§ INSTRUCTIONS FOR THE TASK
Once you find the line with "Um acidente de" in the data below, transcribe exactly each line from there to the line with "- Place four", inclusive, and nothing else. Drop the pictures.

§ THE INPUT
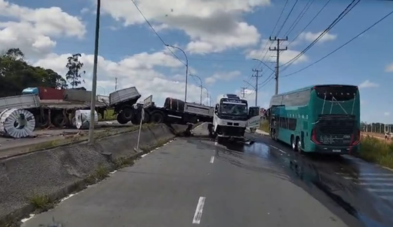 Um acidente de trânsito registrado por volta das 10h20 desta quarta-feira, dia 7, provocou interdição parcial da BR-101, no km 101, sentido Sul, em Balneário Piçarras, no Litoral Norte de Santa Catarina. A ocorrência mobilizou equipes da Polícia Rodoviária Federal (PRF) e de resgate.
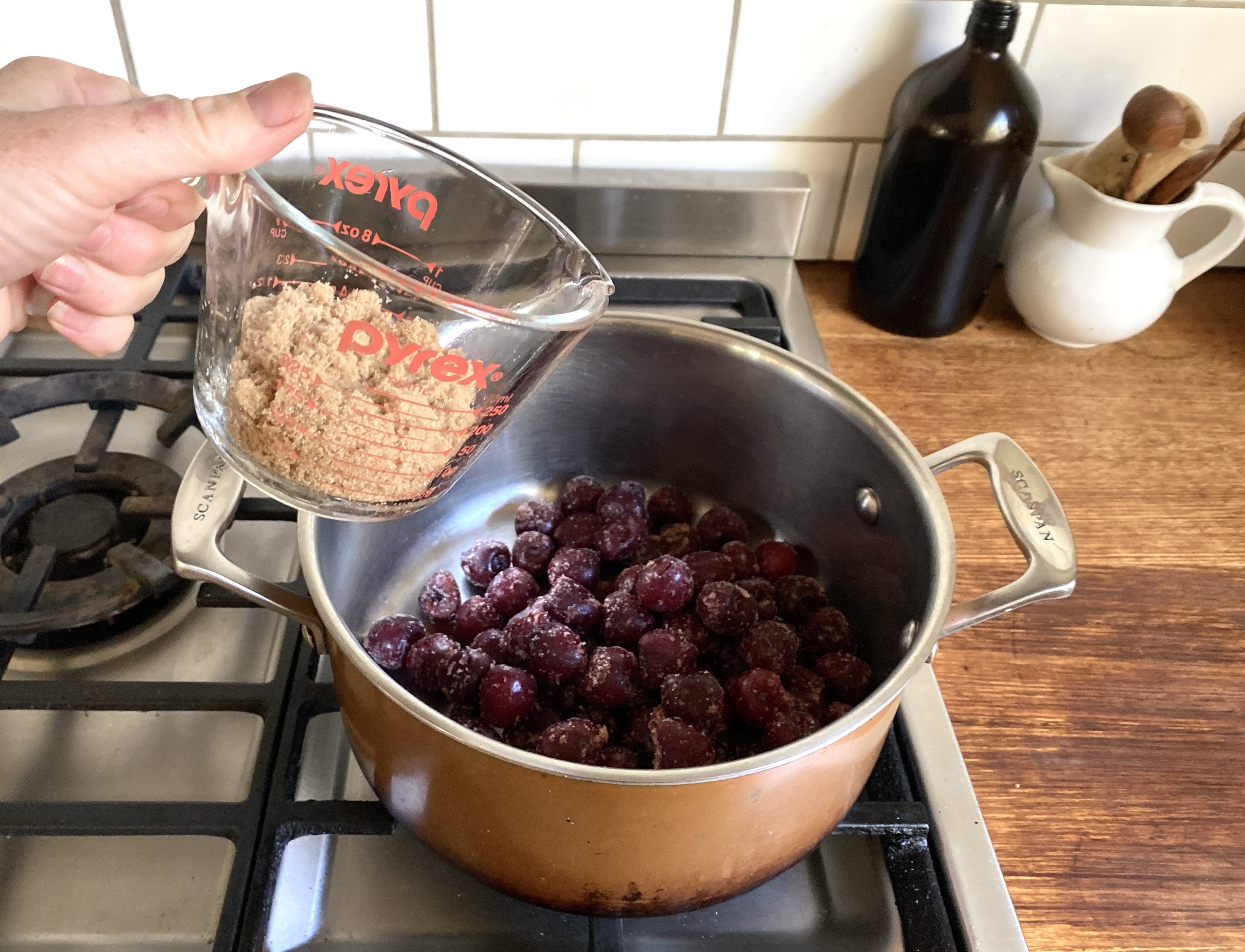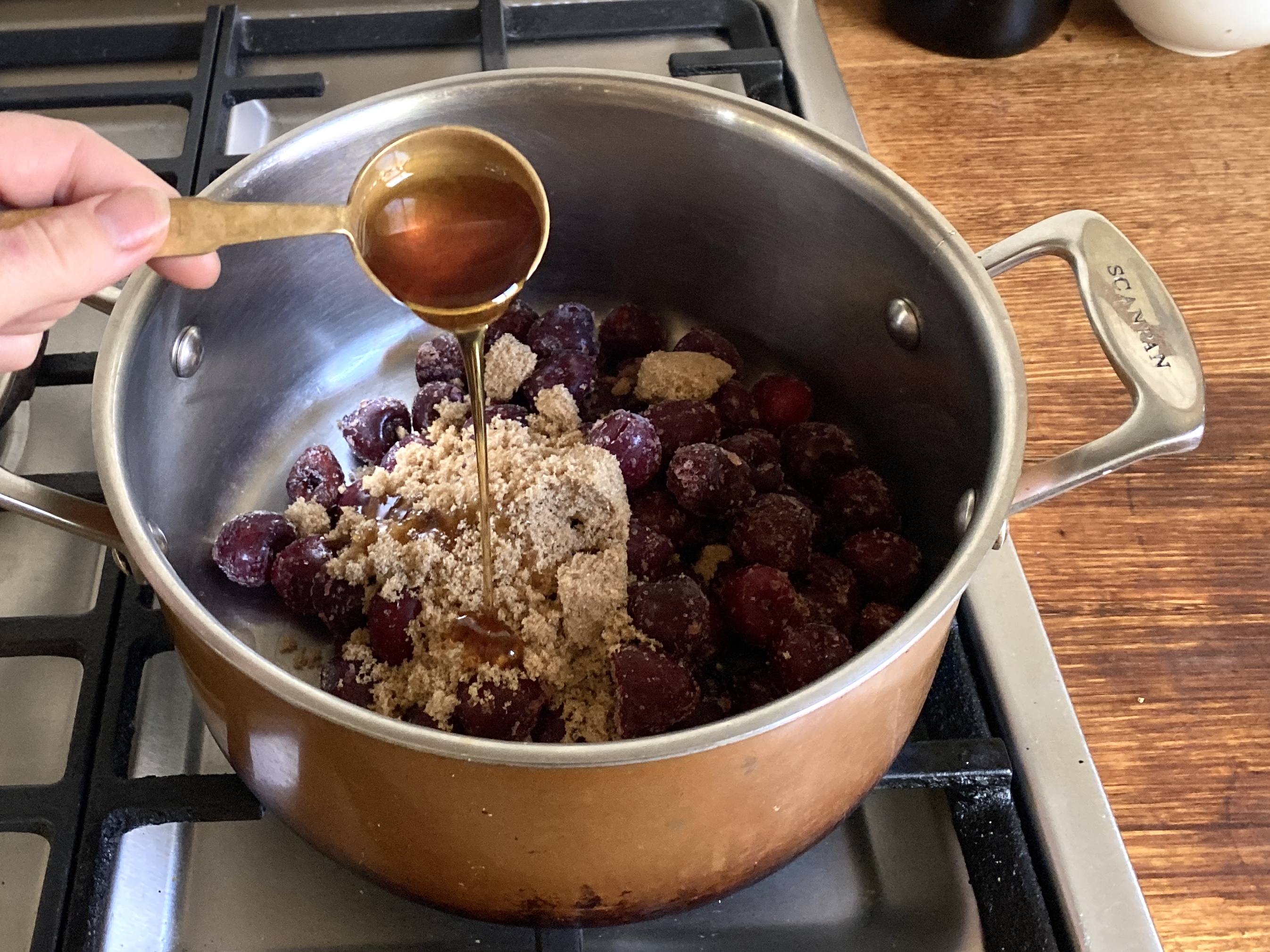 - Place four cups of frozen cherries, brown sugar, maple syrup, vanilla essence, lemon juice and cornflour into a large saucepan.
==
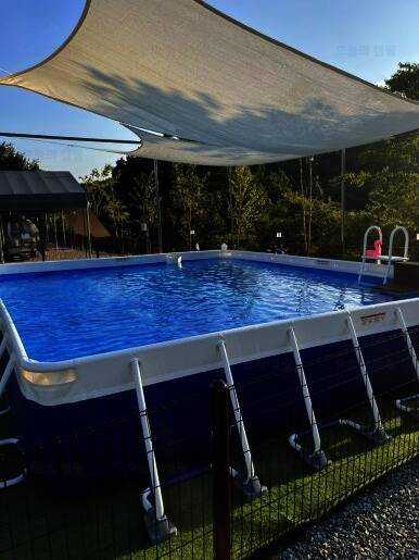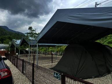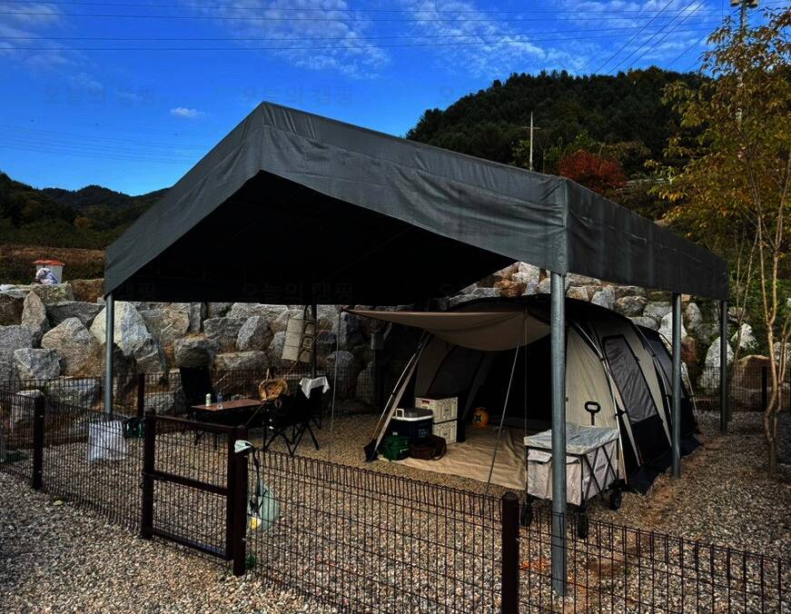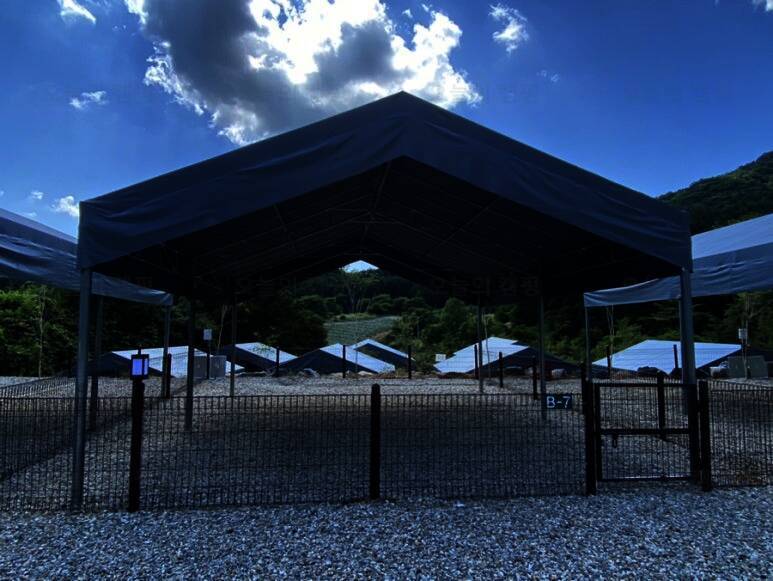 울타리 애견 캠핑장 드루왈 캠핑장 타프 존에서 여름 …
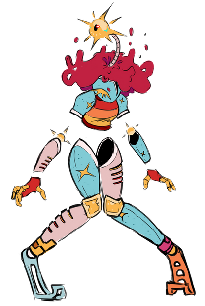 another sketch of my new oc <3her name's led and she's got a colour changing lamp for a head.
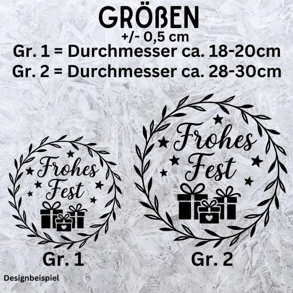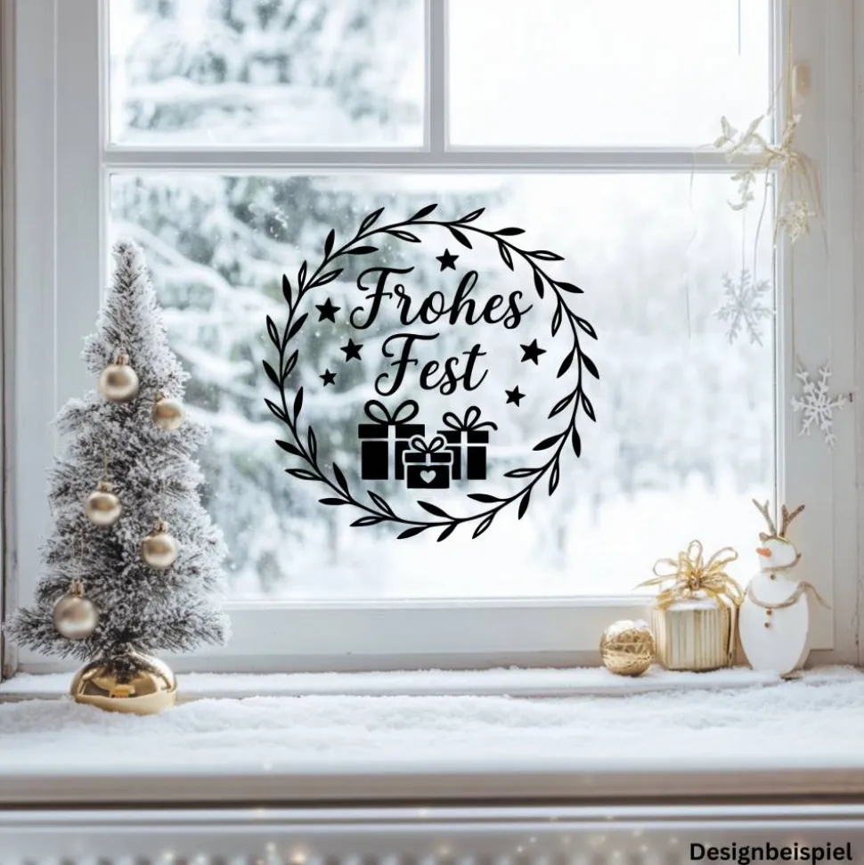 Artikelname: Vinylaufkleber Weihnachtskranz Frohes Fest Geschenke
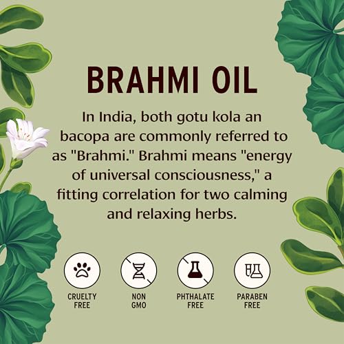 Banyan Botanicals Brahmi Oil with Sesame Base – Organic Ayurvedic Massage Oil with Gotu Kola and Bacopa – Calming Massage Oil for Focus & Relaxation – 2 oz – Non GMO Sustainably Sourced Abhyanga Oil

§ RESPONSE AREA
 Um acidente de trânsito registrado por volta das 10h20 desta quarta-feira, dia 7, provocou interdição parcial da BR-101, no km 101, sentido Sul, em Balneário Piçarras, no Litoral Norte de Santa Catarina. A ocorrência mobilizou equipes da Polícia Rodoviária Federal (PRF) e de resgate.
 - Place four cups of frozen cherries, brown sugar, maple syrup, vanilla essence, lemon juice and cornflour into a large saucepan.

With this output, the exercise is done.